Problem statement:
When the line containing "Электрический духовой шкаф" appears in the data below, begin copying there and stop only after the line containing "今日は、児童集会がありました".

Information given:
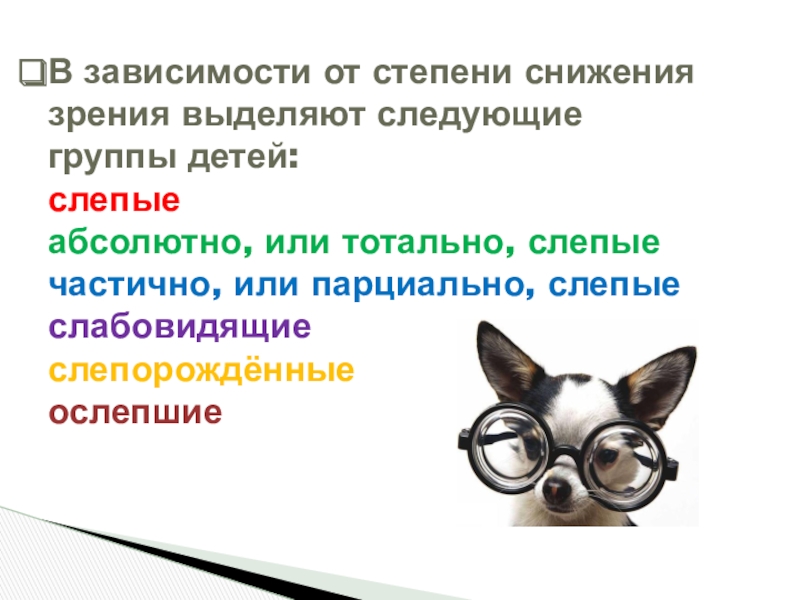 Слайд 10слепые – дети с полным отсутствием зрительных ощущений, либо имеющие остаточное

---

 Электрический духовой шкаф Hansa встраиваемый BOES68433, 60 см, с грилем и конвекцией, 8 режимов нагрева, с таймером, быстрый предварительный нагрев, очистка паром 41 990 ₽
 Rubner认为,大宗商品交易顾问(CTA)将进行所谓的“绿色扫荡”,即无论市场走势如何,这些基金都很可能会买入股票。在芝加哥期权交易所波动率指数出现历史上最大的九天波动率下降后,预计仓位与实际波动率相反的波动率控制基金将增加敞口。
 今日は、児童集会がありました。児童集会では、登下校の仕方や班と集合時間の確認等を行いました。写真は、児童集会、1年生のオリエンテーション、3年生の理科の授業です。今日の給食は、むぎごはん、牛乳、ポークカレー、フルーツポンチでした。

==

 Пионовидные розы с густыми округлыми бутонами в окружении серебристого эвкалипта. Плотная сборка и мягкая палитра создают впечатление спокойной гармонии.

Output:
 Электрический духовой шкаф Hansa встраиваемый BOES68433, 60 см, с грилем и конвекцией, 8 режимов нагрева, с таймером, быстрый предварительный нагрев, очистка паром 41 990 ₽
 Rubner认为,大宗商品交易顾问(CTA)将进行所谓的“绿色扫荡”,即无论市场走势如何,这些基金都很可能会买入股票。在芝加哥期权交易所波动率指数出现历史上最大的九天波动率下降后,预计仓位与实际波动率相反的波动率控制基金将增加敞口。
 今日は、児童集会がありました。児童集会では、登下校の仕方や班と集合時間の確認等を行いました。写真は、児童集会、1年生のオリエンテーション、3年生の理科の授業です。今日の給食は、むぎごはん、牛乳、ポークカレー、フルーツポンチでした。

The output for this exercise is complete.